Economics/Business

Private administration characteristics and examples

Private administration is the activity that takes place in any for-profit organization (corporation or company), related to the internal rules of operation.

Administration refers to the management of organizations in general, so that they can efficiently achieve the proposed objectives. This can be interpreted based on two different criteria: the formal, which corresponds to the simple presence of a regulatory entity, and the material, which refers to an administrative activity, where the fulfillment of the stipulated mission must be ensured.

Private companies make up the private sector of a nation‘s economy. In general, they operate in economic systems as their main pedestal, which is why they require excellent management to be able to compete and progress.

Private administration is responsible for a large number of activities, generally related to business and business carried out by the company. This means having to carry out a set of organizational activities, where a previously determined line of action predominates.

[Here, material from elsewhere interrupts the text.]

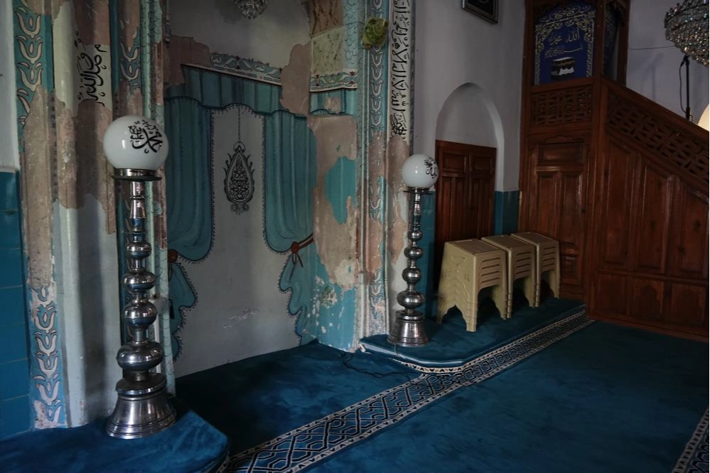 Fatih Sultan Mehmet Han zamanında yapılan ve zaman içerisinde duvarları dökülmeye başlayan Yeni Bezzaz Camii'nin mihrabı onarım bekliyor.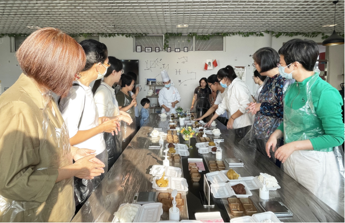活动伊始,老师们看着制作月饼的模具、面粉、馅料等工具和材料,纷纷摩拳擦掌、跃跃欲试,戴上手套后俨然一副专业面点师的样子。在活动开始之后,他们就迫不及待地拿起了原材料和工具,称重、压皮、包馅、捏皮、最后放进各种花样的模具之中按压定型。在月饼制作的过程中,大家互相交流经验,分享技巧,增进了彼此的感情。大家都放下平日的繁忙,感受节日气息,分工合作,互相帮助,一边交流着自己家乡过中秋节时的习俗和活动,一边享受着亲情与友情的温暖以及团圆的喜悦。

Characteristics of private administration

– Serves the management of a company, institution or non-governmental organization.

– It is an individualistic system.

– The most authoritative member is the director or manager.

– Its legal regime is based on the principles of Private Law and on the laws in general.

– Get income, benefits and earnings.

Private administration has a number of advantages, such as the absence of many government regulations or government-related entities, except in certain cases where the law is violated in some way or that certain procedures must be followed in relation to certain matters.

It is common for all the people involved to have a specific objective, usually obtaining monetary remuneration.

Resources

As theorist Henry Fayol has indicated, private administration can be conceptually described as the direction of a company or organization. The functions of this administration are performed within the company and not in the external environment. Therefore, it does not deal with competitors or customers.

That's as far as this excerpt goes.